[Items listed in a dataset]
=-=-=

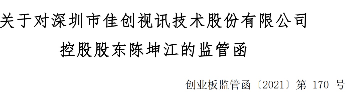 智通财经APP获悉,11月3日,深交所向深圳市佳创视讯技术股份有限公司(佳创视讯,300264.SZ)控股股东陈坤江发出监管函。监管函指出,陈坤江为佳创视讯控股股东,2019年12月21日,佳创视讯披露《简式权益变动报告书》,称自2015年7月1日至2019年12月20日,陈坤江的持股比例由 28.48%变动至25.24%;2021年6月11日,佳创视讯披露《简式权益变动报告书(一)》,称自2019年12月21日至2021年6月10日,陈坤江持股比例累计变动达到7.18%。自2015年7月1日起,陈坤江在持股比例累计变动达到5%时,未及时提交书面报告并披露权益变动报告书,也未停止卖出佳创视讯股份。陈坤江此举违反相关规定,被深交所出具监管函。
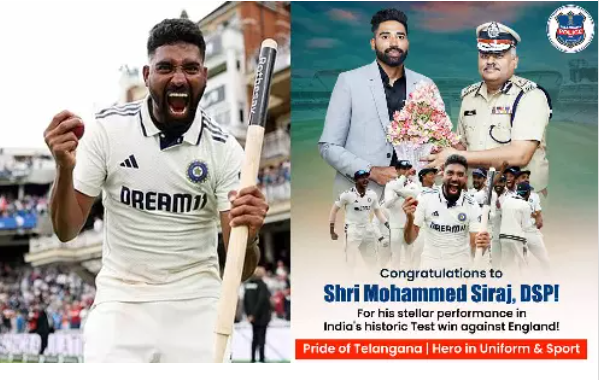 இந்நிலையில் இங்கிலாந்துக்கு எதிரான 5-வது டெஸ்ட் போட்டியில் இந்தியாவின் வெற்றிக்கு முக்கிய காரணமாக இருந்த சிராஜை தெலங்கானா காவல்துறை பாராட்டி போஸ்டர் வெளியிட்டுள்ளது. இது தொடர்பான புகைப்படம் சமூக வலைதளங்களில் வைரலாகி வருகிறது.
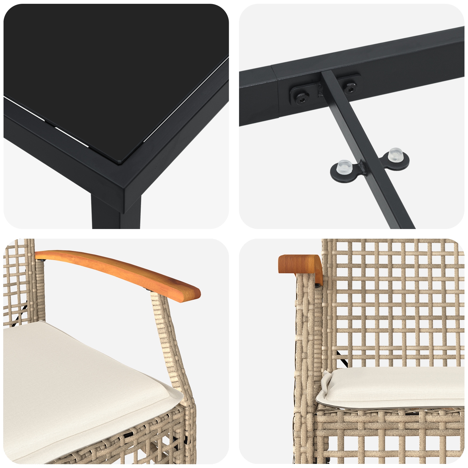 • Pohodlné sedenie: Každá stolička je s hrubými vankúšmi v krásnej krémovej farbe, ktoré robia čas strávený vonku naozaj príjemným.
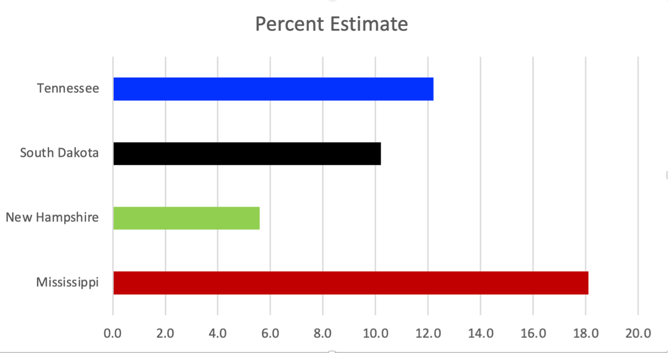 Poverty rates in Kingsport, Tennessee, and the United States.
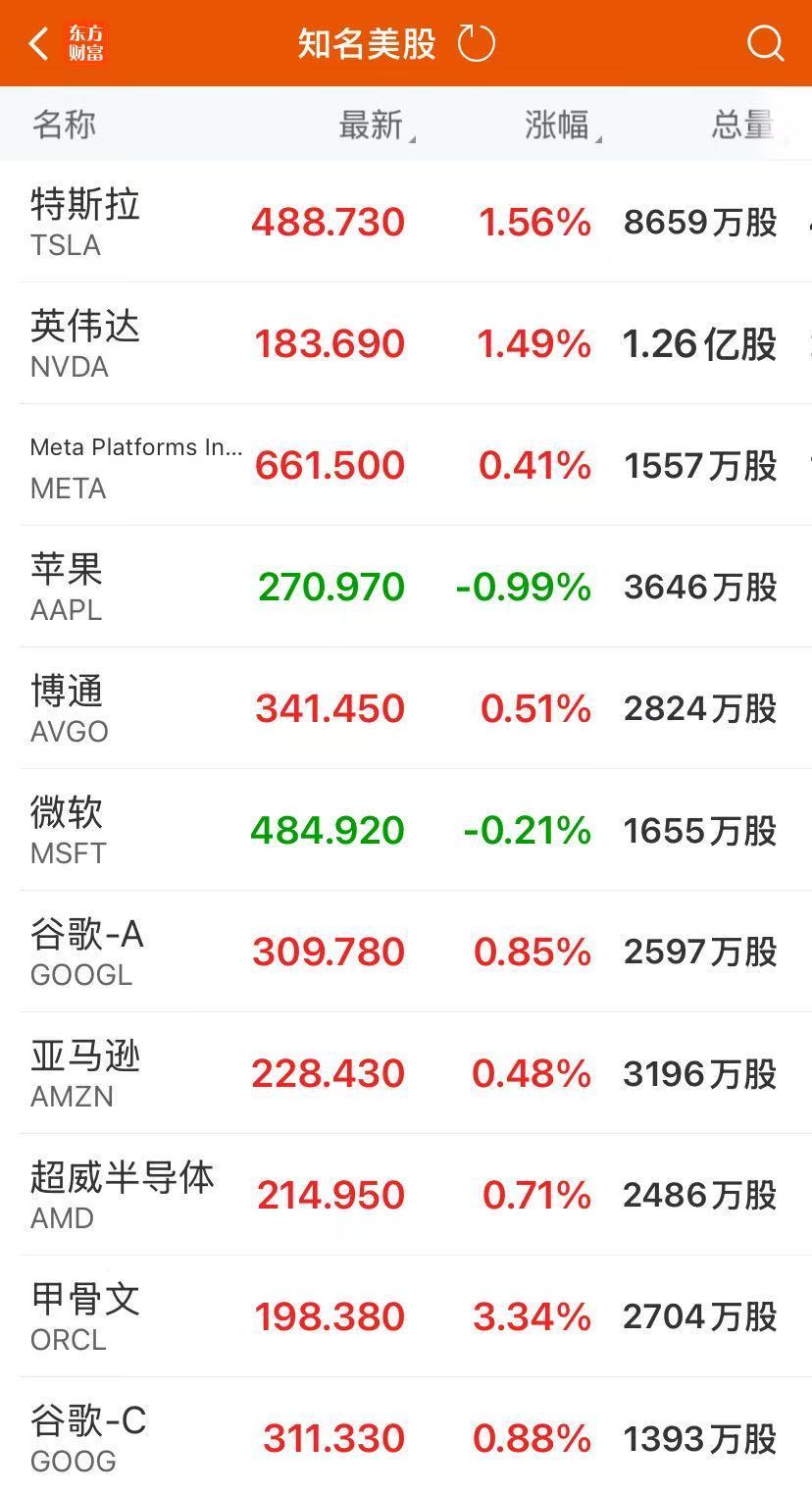 盘面上,大型科技股无数上涨,特斯拉、英伟达涨逾1%,谷歌涨近1%,亚马逊涨0.48%,脸书涨0.41%;苹果跌超1%,微软跌0.25%。 芯片股无数上涨,美光科技涨超4%,微芯科技涨逾2%,拉姆探索、科天半导体涨逾1%;英特尔跌逾1%。
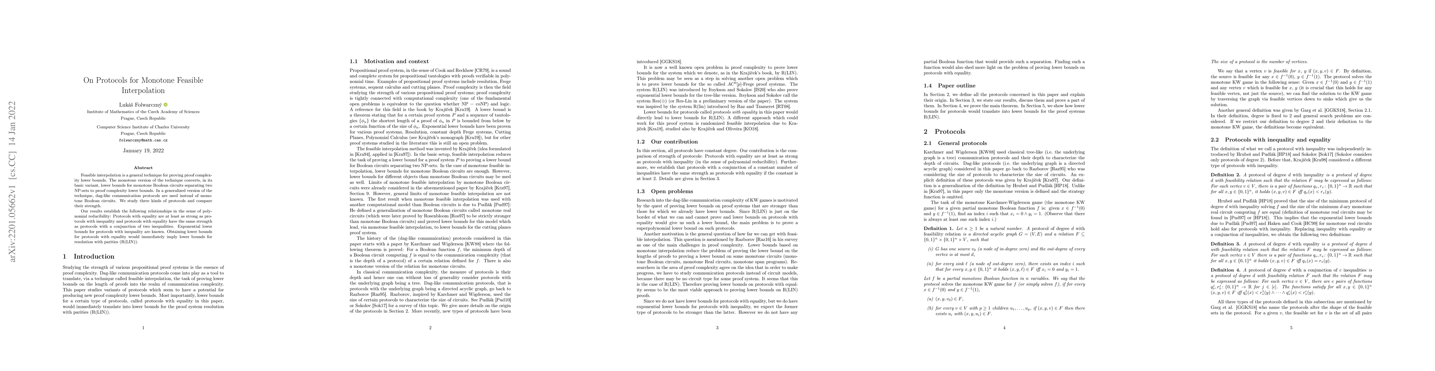 This paper explores feasible interpolation protocols for proving proof complexity lower bounds, focusing on monotone versions that convert lower bounds for monotone Boolean circuits to such bounds. It compares three types of protocols, establishing that protocols with equality are at least as strong as those with inequality and are equivalent to protocols with a conjunction of two inequalities.
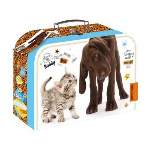 Papírový dětský kufřík velikosti 35cm Forever friends. Kufřík je vyroben z kvalitního pevného kartonu s vnitřní potiskem a kovovým uzavíráním s rukojetí. Je vhodný na školní potřeby, výtvarné potřeby, do kterého vejde i blok barevných papírů A4. Jeho využití v dětském světě je velké, možnost uložení hraček ale i jiných drobností na cestu k babičce.
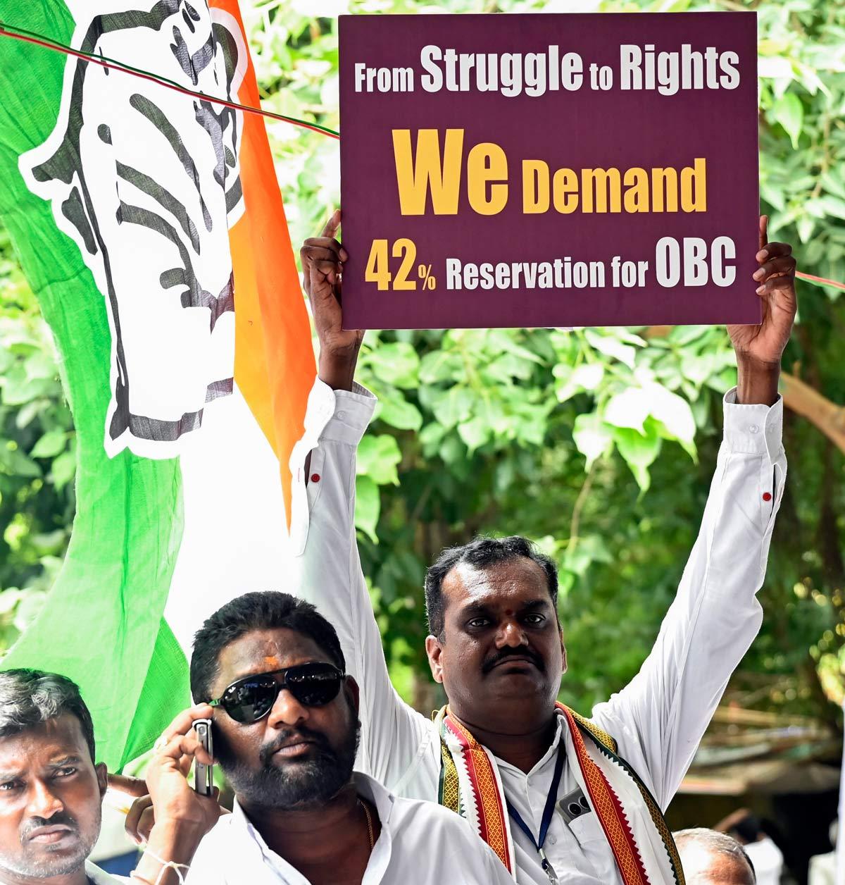 IMAGE: A Congress protest seeking 42% OBC reservation in Telangana's local body elections at Jantar Mantar in New Delhi. Photograph: ANI Photo
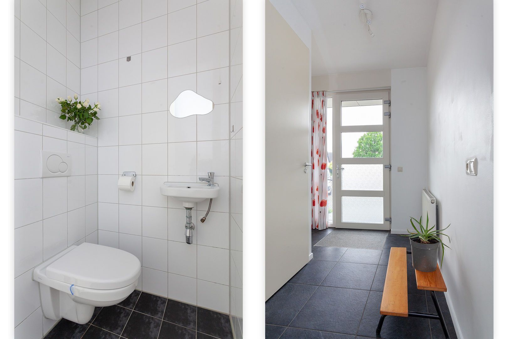 Entree, hal met meterkast, trapkast, toiletruimte met hangcloset en wasbakje.
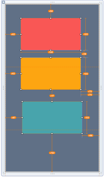 1、给scrollview添加三个view,分别设置每个view的上下左右距离最近view的距离为0,这样三个view都具有了4个约束,经过上面的分析,这样做肯定是要报红的,因为scrollview不知道自己的子控件在水平和垂直方向上到底占用多少距离。
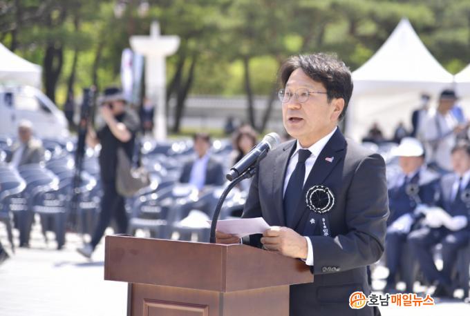 ° ½ÃÀåÀº À̳¯ ±¹¸³5¡¤18¹ÎÁÖ¹¦Áö¿¡¼ ¿¸° ¡®Á¦43ÁÖ³â 5¡¤18¹ÎÁÖȿ Ã߸ðÁ¦¡¯¿¡¼ Ã߸ð»ç¸¦ ÅëÇØ ¡°5¡¤18 ¹ÎÁÖȿ 43ÁÖ³âÀ» ¸Â¾Ò´Ù. ¹àÇô¾ß ÇÒ Áø½ÇÀÌ ¾ÆÁ÷µµ ¿©ÀüÈ÷ ¸¹Àºµ¥ ½Ã°£ÀÌ ÂüÀ¸·Î ¸¹ÀÌ Èê·¶´Ù. ¿À¿ù¿µ·É²² ÇѾø´Â Á˽º·¯¿òÀ» ´À³¤´Ù¡±¸ç À̰°ÀÌ ¸»Çß´Ù.
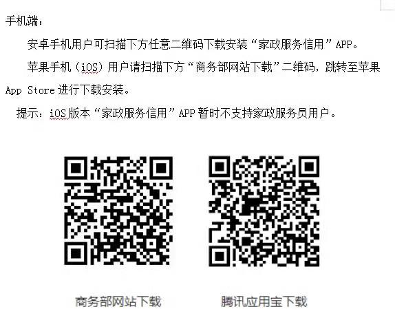現(xiàn)商務(wù)部家政服務(wù)信息管理應(yīng)用-家政服務(wù)信用信息平臺(tái)已上線,平臺(tái)包括桌面端和手機(jī)程序(APP)兩部分,請通過以下地址登錄開展相關(guān)業(yè)務(wù)。
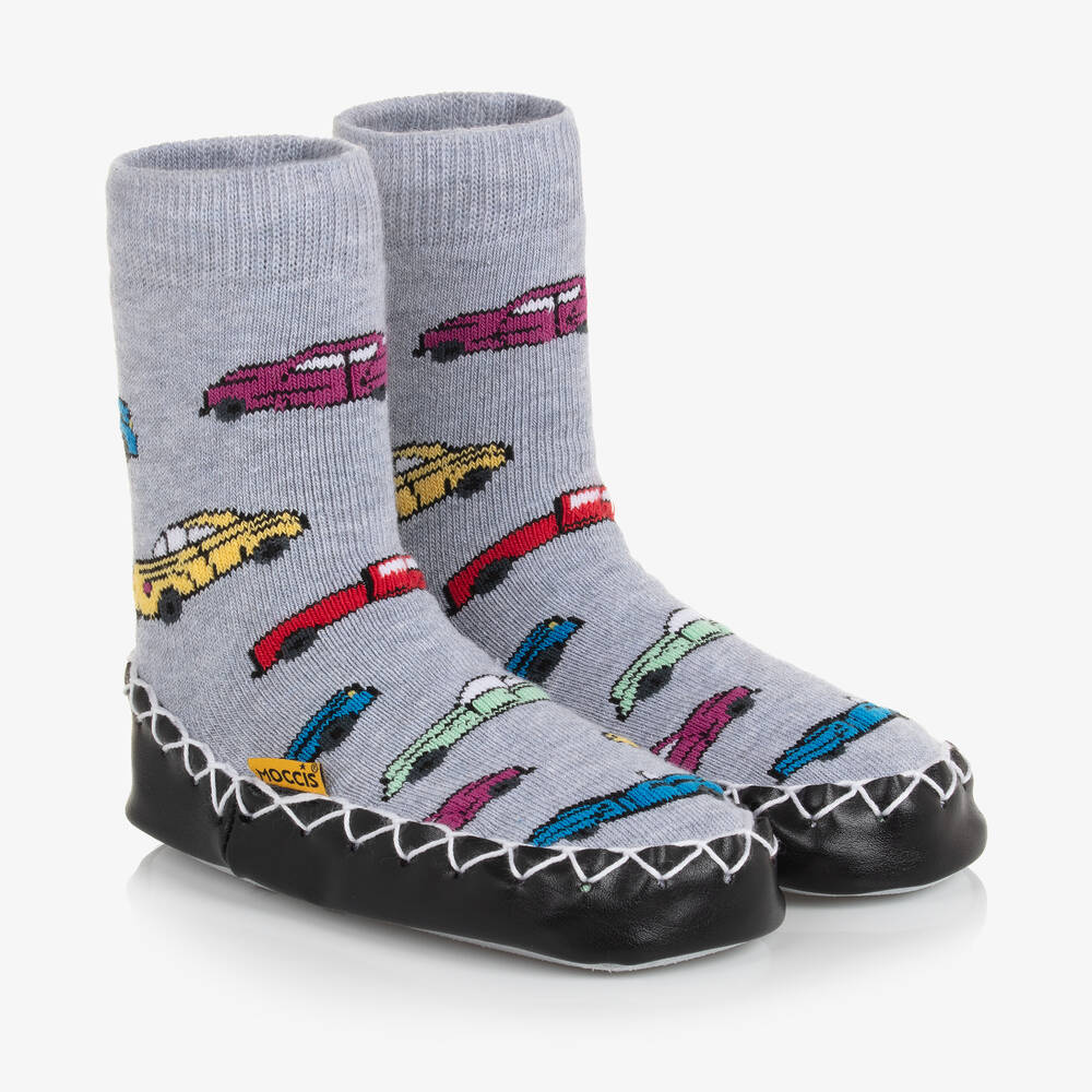 Grey slipper socks with a fun car print for boys and girls by Moccis. Made from natural Oeko-Tex® certified cotton blend fabrics, the leather sole is durable and flexible, allowing children's feet to move freely and muscles to develop. For little crawlers, or older walkers, these indoor shoes have skid proof slipper soles, and double elastic around the ankles.

=-=-=

** TASK OBJECTIVE **
Pictures aside, retype the entries above exactly as they are.

** SOLUTION BELOW **
 智通财经APP获悉,11月3日,深交所向深圳市佳创视讯技术股份有限公司(佳创视讯,300264.SZ)控股股东陈坤江发出监管函。监管函指出,陈坤江为佳创视讯控股股东,2019年12月21日,佳创视讯披露《简式权益变动报告书》,称自2015年7月1日至2019年12月20日,陈坤江的持股比例由 28.48%变动至25.24%;2021年6月11日,佳创视讯披露《简式权益变动报告书(一)》,称自2019年12月21日至2021年6月10日,陈坤江持股比例累计变动达到7.18%。自2015年7月1日起,陈坤江在持股比例累计变动达到5%时,未及时提交书面报告并披露权益变动报告书,也未停止卖出佳创视讯股份。陈坤江此举违反相关规定,被深交所出具监管函。
 இந்நிலையில் இங்கிலாந்துக்கு எதிரான 5-வது டெஸ்ட் போட்டியில் இந்தியாவின் வெற்றிக்கு முக்கிய காரணமாக இருந்த சிராஜை தெலங்கானா காவல்துறை பாராட்டி போஸ்டர் வெளியிட்டுள்ளது. இது தொடர்பான புகைப்படம் சமூக வலைதளங்களில் வைரலாகி வருகிறது.
 • Pohodlné sedenie: Každá stolička je s hrubými vankúšmi v krásnej krémovej farbe, ktoré robia čas strávený vonku naozaj príjemným.
 Poverty rates in Kingsport, Tennessee, and the United States.
 盘面上,大型科技股无数上涨,特斯拉、英伟达涨逾1%,谷歌涨近1%,亚马逊涨0.48%,脸书涨0.41%;苹果跌超1%,微软跌0.25%。 芯片股无数上涨,美光科技涨超4%,微芯科技涨逾2%,拉姆探索、科天半导体涨逾1%;英特尔跌逾1%。
 This paper explores feasible interpolation protocols for proving proof complexity lower bounds, focusing on monotone versions that convert lower bounds for monotone Boolean circuits to such bounds. It compares three types of protocols, establishing that protocols with equality are at least as strong as those with inequality and are equivalent to protocols with a conjunction of two inequalities.
 Papírový dětský kufřík velikosti 35cm Forever friends. Kufřík je vyroben z kvalitního pevného kartonu s vnitřní potiskem a kovovým uzavíráním s rukojetí. Je vhodný na školní potřeby, výtvarné potřeby, do kterého vejde i blok barevných papírů A4. Jeho využití v dětském světě je velké, možnost uložení hraček ale i jiných drobností na cestu k babičce.
 IMAGE: A Congress protest seeking 42% OBC reservation in Telangana's local body elections at Jantar Mantar in New Delhi. Photograph: ANI Photo
 Entree, hal met meterkast, trapkast, toiletruimte met hangcloset en wasbakje.
 1、给scrollview添加三个view,分别设置每个view的上下左右距离最近view的距离为0,这样三个view都具有了4个约束,经过上面的分析,这样做肯定是要报红的,因为scrollview不知道自己的子控件在水平和垂直方向上到底占用多少距离。
 ° ½ÃÀåÀº À̳¯ ±¹¸³5¡¤18¹ÎÁÖ¹¦Áö¿¡¼ ¿¸° ¡®Á¦43ÁÖ³â 5¡¤18¹ÎÁÖȿ Ã߸ðÁ¦¡¯¿¡¼ Ã߸ð»ç¸¦ ÅëÇØ ¡°5¡¤18 ¹ÎÁÖȿ 43ÁÖ³âÀ» ¸Â¾Ò´Ù. ¹àÇô¾ß ÇÒ Áø½ÇÀÌ ¾ÆÁ÷µµ ¿©ÀüÈ÷ ¸¹Àºµ¥ ½Ã°£ÀÌ ÂüÀ¸·Î ¸¹ÀÌ Èê·¶´Ù. ¿À¿ù¿µ·É²² ÇѾø´Â Á˽º·¯¿òÀ» ´À³¤´Ù¡±¸ç À̰°ÀÌ ¸»Çß´Ù.
現(xiàn)商務(wù)部家政服務(wù)信息管理應(yīng)用-家政服務(wù)信用信息平臺(tái)已上線,平臺(tái)包括桌面端和手機(jī)程序(APP)兩部分,請通過以下地址登錄開展相關(guān)業(yè)務(wù)。
 Grey slipper socks with a fun car print for boys and girls by Moccis. Made from natural Oeko-Tex® certified cotton blend fabrics, the leather sole is durable and flexible, allowing children's feet to move freely and muscles to develop. For little crawlers, or older walkers, these indoor shoes have skid proof slipper soles, and double elastic around the ankles.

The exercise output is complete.